И тут я удивился выражению жестокой неублажимой ненависти на лице Высоцкого. Таком обычно добродушном лице.
— Таким, как ты, нету, пес приблудный, — процедил он. — И вообще, кати, — это уже вслух, — тебе люру глотать. Или г…
Жизнерадостный «варяг» живо убрался в вагон, как улитка в свою раковину. Может, и сцепился бы с Высоцким, но увидел — стоят втроем. Хотя я и Шаблыка были тут ни при чем. Ни сном, как говорится, ни духом.
…Когда мы сели в почти пустой вагон и совсем пустое его отделение, я спросил у Высоцкого:
— Зачем вы его так?
— Вот, — все еще возмущенно сопя, сказал он, — ты тут трясись черт знает куда, возвращайся на рассвете обратно, а он — «туземец». А сколько ж здесь померзнуто, помокнуто, постреляно сколько, побито…
— Вы правы, — сказал я. — Я тоже однажды ехал. Ноябрь. Слякоть. Сумерки. Пейзажи, по обе стороны дороги, сами знаете, после немцев какие. Ну, стоим, курим в тамбуре. И тут какой-то тип смотрит на туман и дождь и говорит: «Правильно немцы эту страну „шайзеланд“ называли». Я тут не сдержался. "Если тебе жена со мной или с кем другим рога наставила, так не кричи о своем позоре. Если слабак, то такую землю не хули. А если ты сию минуту не сделаешь, как говорят твои любимые нацисты «Halt den Maul», то я сейчас открою дверь и тебя на полном ходу под откос вышвырну…" Он почему-то заткнулся. Юркнул в свое купе.
Мое лицо, по-видимому, даже при одном воспоминании сделалось страшным, потому что Высоцкий смотрел на меня слишком пристально. А я вдруг устыдился и воспоминания, и того, как я тогда разволновался.
Поезд колотило на стыках. Высоцкий отвел глаза, тоже взволнованный.
— А почему вы здесь возчиком? — спросил я. — У вас ведь какое-то образование есть. Судя по речи и по манерам.
— Ну, если все Ольшаны знают по сплетням и все равно вам расскажут, то лучше узнайте от меня.
— Верно. Сплетни в таких местечках до страшною суда доживут.
— Образование, ясно, так себе. Четыре класса польской гимназии. Вышибли за участие в патриотическом кружке.
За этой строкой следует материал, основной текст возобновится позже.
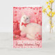 Esta es una foto de mi gato blanco con un ojo azul y otro verde. Se llama Snow y es una belleza. Esta es una tarjeta de felicitación de San Valentín rosa con corazones, regalos y rosas.

А потом — война.
— Так подучились бы на каких-нибудь бухгалтерских или агрономических курсах.
— Нет. Все-таки и тот и другой — фигуры на селе. А я этими сложностями по уши сыт. Троюродного брата поляки повесили перед самым сентябрем.
— За что?
— А господь его знает. Я с ним почти незнаком был. Будто бы убил провокатора, а те повернули дело так, что убийство уголовное. Ну и ясно, может, кто и защищал, а широкая общественность — нет… Второй, двоюродный, расстрелян немцами за подполье прямо на улице. Кто говорит в Кладно, кто говорит, что вывезли в Белосток. Так что видите, нашему брату куда ни кинься… Лучше уж я здесь. Спрос, как говорится, невелик, ответственности никакой. Тихо — и гори оно все ясным огнем.
Утром я позвонил в Кладно Максиму Смыцкому, одному из лучших, если не лучшему, знатоку города и истории его и окрестностей. И, к счастью, застал дома.
— Слушай, Максим, ты историю с Ольшанским замком слыхал?
— Друже, ты меня за ребенка считаешь. Скоро посадишь за парту и заставишь учить…
— Что?
— Ну, «сам сабе катлету смажыў i запэцкаўся ў сажу» или «У Мани верный был баран, собаки он верней. Куда бы Маня ни пошла — баран бежит за ней».